Holly Hughes (born March 10, 1955) is an American lesbian performance artist.

She began as a feminist painter in New York City but is best known for her connection with the NEA Four, with whom she was denied funding from the National Endowment for the Arts, and for her work with the Women's One World Cafe. Her plays explore sexuality, body images and the female mind. She is the recipient of several awards including the Lambda Book Award and an Obie Award. She is a professor of art and design as well as theater and drama at the University of Michigan School of Art & Design.

Biography 
Born in Saginaw, Michigan, Hughes graduated from Kalamazoo College in 1977 and moved to New York City two years later to become a feminist painter. She worked as a waitress to support herself but felt unfulfilled, later writing: "Why had I moved to New York City to live in an even crummier apartment and do the same things that I was doing in Kalamazoo?"  She saw a poster promoting a "Double X-rated Christmas party" to be held in the basement of a Catholic church.  There she found lesbian women stripping, kissing booths, and a highly sexual atmosphere.  She eagerly attended many such parties, became involved with the group and began doing theater with them because "that's what they were doing".  Hughes' first performance at the Women's One World Cafe (Wow Cafe) in the early 1980s was a piece called "My Life as a Glamour Don't", about various fashion mistakes. She followed this up with "Shrimp in a Basket" and then her breakthrough Well of Horniness (1983).  At the WOW Cafe, Hughes felt that she was able to "tell the stories she so desperately wanted to be told as a child."

Hughes wrote, directed and performed in Dress Suits to Hire (1987).  Critic Stephen Holden commented, in reviewing the play, "While Ms. Hughes's more poetic writing recalls Sam Shepard, the campy B-movie side of her sensibility shows her to be equally in tune with John Waters's movies and Charles Busch's drag extravaganzas."  Focusing on the subjects of sexuality, masturbation and Jesus, her plays usually explore issues that she confronted as a young woman in college.  In 1990 Hughes earned national attention as one of the so-called NEA Four, artists whose funding from the National Endowment for the Arts ("NEA") was vetoed.

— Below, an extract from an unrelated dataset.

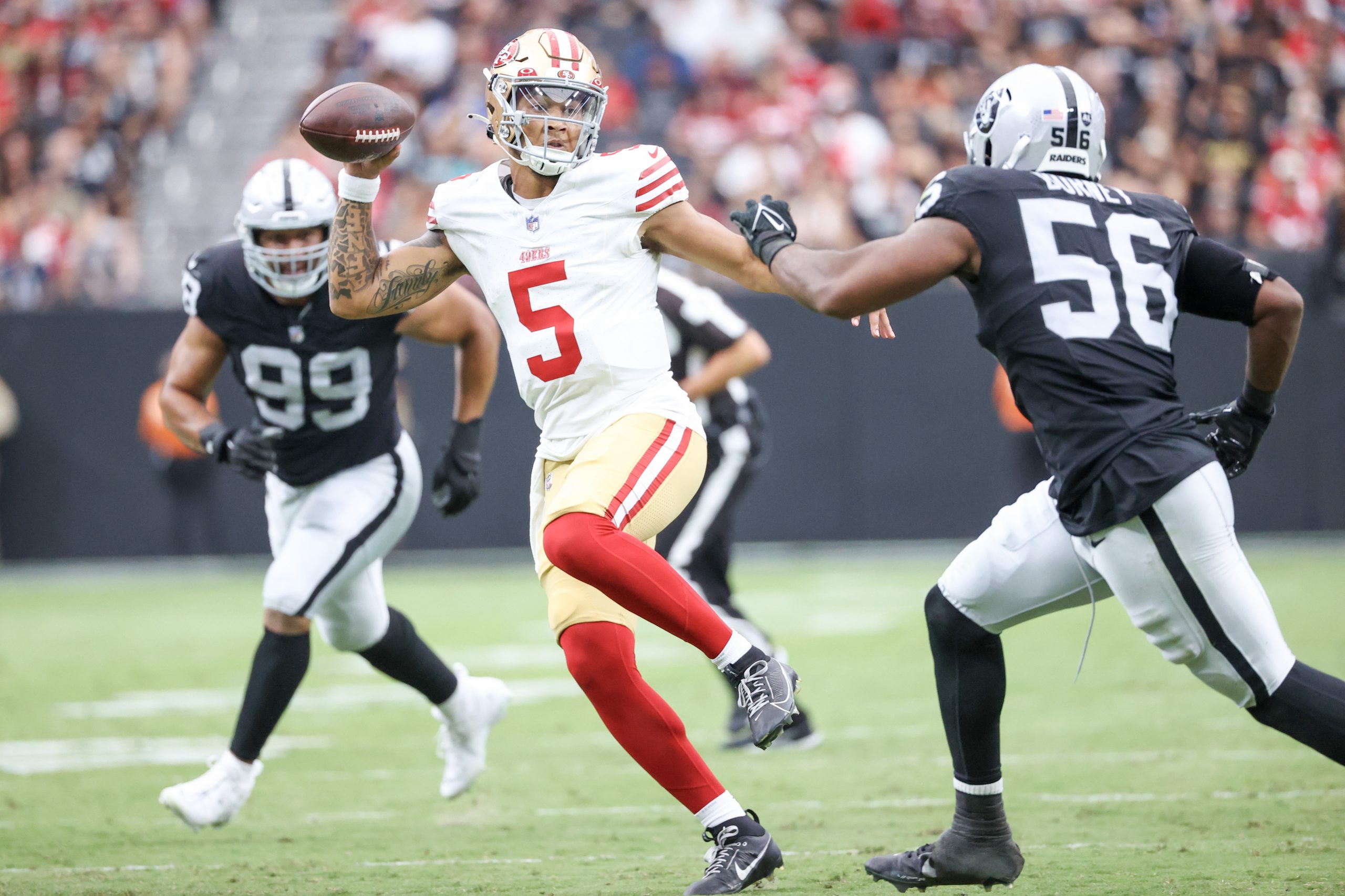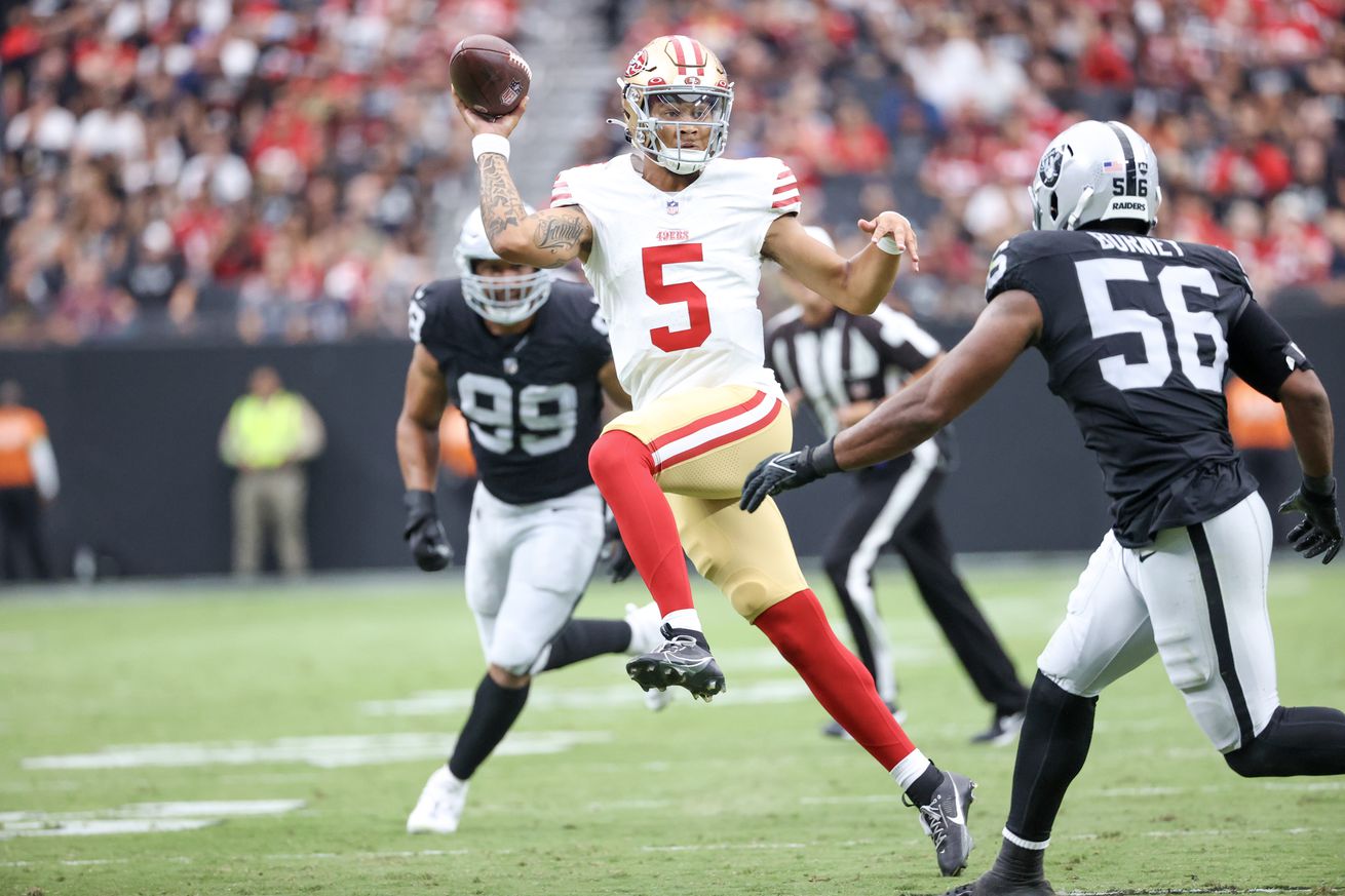 49ers Twitter reacts to Trey Lance’s performance in the preseason vs. Raiders 49ers Twitter reacts to Trey Lance’s performance in the preseason vs. Raiders Insidethe492023-08-13T18:03:06-04:00August 13th, 2023 at 6:03 PM|News| Read More

In 1996, Hughes released perhaps her most famous and influential performances: Clit Notes.  In this piece, Hughes performs several roles: herself at different ages, her mother, and various lovers that she has had. Hughes uses her writing to explore herself and to understand the events that have shaped her life, often using her writing to escape from elements that she perceives as repressive. In 1998, Hughes co-edited an anthology of queer solo performance with David Roman called O Solo Homo:The New Queer Performance, which included her own Clit Notes. A review by Don Shewey in The Advocate noted the cultural and sexual diversity of contributors.

In February 2017 Hughes organized a D.I.Y. style cabaret-style series of performance events protesting newly elected Donald Trump's presidency entitled "Not My President's Day."   These events which were organized by participants in over sixty cities including Ann Arbor, Brno, Czech Republic, Chicago, Brooklyn, Gateshead, United Kingdom, and San Jose raised funds for organizations such as Planned Parenthood and the A.C.L.U.  She "worked with artists across the globe to build a loose network of over 35 Presidents Day events spanning the U.S., Britain and Italy. Most of the events used some variant on the names "Not My President's Day" or "Bad and Nasty" (derived from President Trump's reference to "bad hombres" and his description of Hillary Clinton as a "nasty woman" during the presidential debates)."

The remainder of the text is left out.